‘It’s fun getting high… but the comedown’s a killer’
From the director of Kidulthood comes Comedown, another godawful study of urban ‘yoof’, this time within the confines of a slasher movie. And while some critics – the sort who only meet working-class people when they are being served by them in Waitrose – will fawn over crap like this in an effort to assuage their middle-class guilt, I’m not falling for it.
As much as the constantly posh kids of pre-1980s British film and TV were not an accurate representation of the nation, neither are the gang bangers, drug dealers, petty crims and street skanks that our filmmakers are obsessed with now.
This latest example sees a collection of irritating and entirely unlikeable characters who are hired to place a pirate radio antenna at the top on an abandoned tower block. While they sit toking, tripping and banging on incessantly, a mysterious presence is watching and begins to pick them off one by one.
That’s it for plot, writer Steven Kendall saving most of his creative energy for writing ham-fisted dialogue that the cast of stage school kids and soap opera rejects bellow in their best ‘yoof’ accents. The dialogue is often so incomprehensible that I’d contemplated checking for subtitles – however, it was obvious that it consisted of little more than variations on whatever buzzwords someone had told Kendall were what the kids were saying these days. I’d imagine subtitles will be mandatory for anyone outside the UK though.
To be fair, director Menhaj Huda manages to come up with the odd interesting visual – enough to suggest that he might be capable of doing something interesting in he can move on from his fixation with street cred, get himself a cinematographer who doesn’t think that giving everything a green wash adds style and find a decent screenplay.

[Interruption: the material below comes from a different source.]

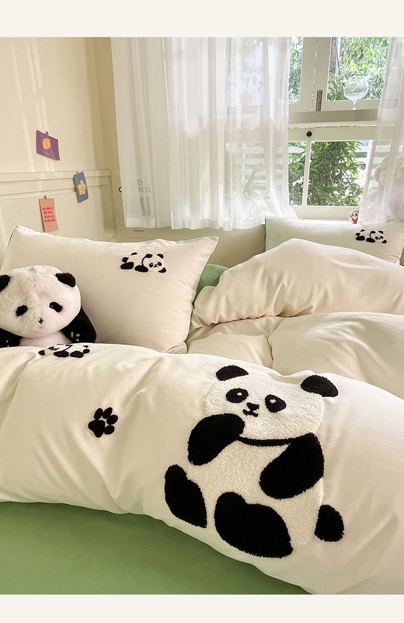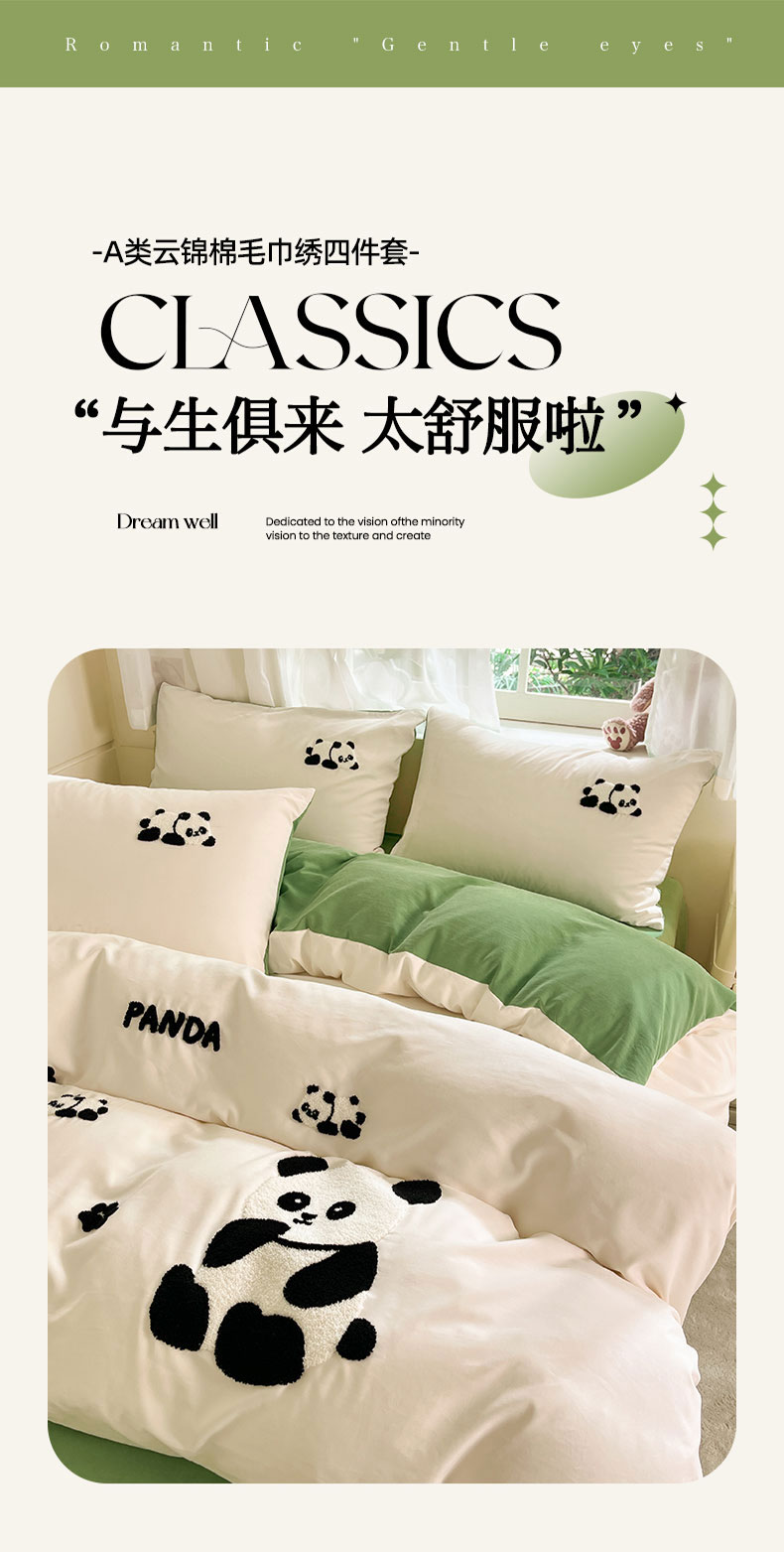 当前位置: 91家纺网 > 商品网购 > 床品套件 > 四件套 > 其它四件套 > 优卡迪家纺馆 2026新款A类云锦棉毛巾绣四件套下载文件包含买家秀 熊猫宝贝-白

As it is, any flourishes he might show here are lost in a frenzy of bad pacing, bad acting, awful dialogue and a notable lack of tension. To create tension, you need to give the audience someone to root for. Quite honestly, seeing a bunch of thugs, pyromaniacs and wannabe gangstas getting killed off felt more like a service to society.
2012 was certainly the year of tower block movies, but discerning audiences will be better off sticking with The Raid or Dredd. This is a horribly annoying film about horribly annoying people, and we have enough of those as it is without encouraging more.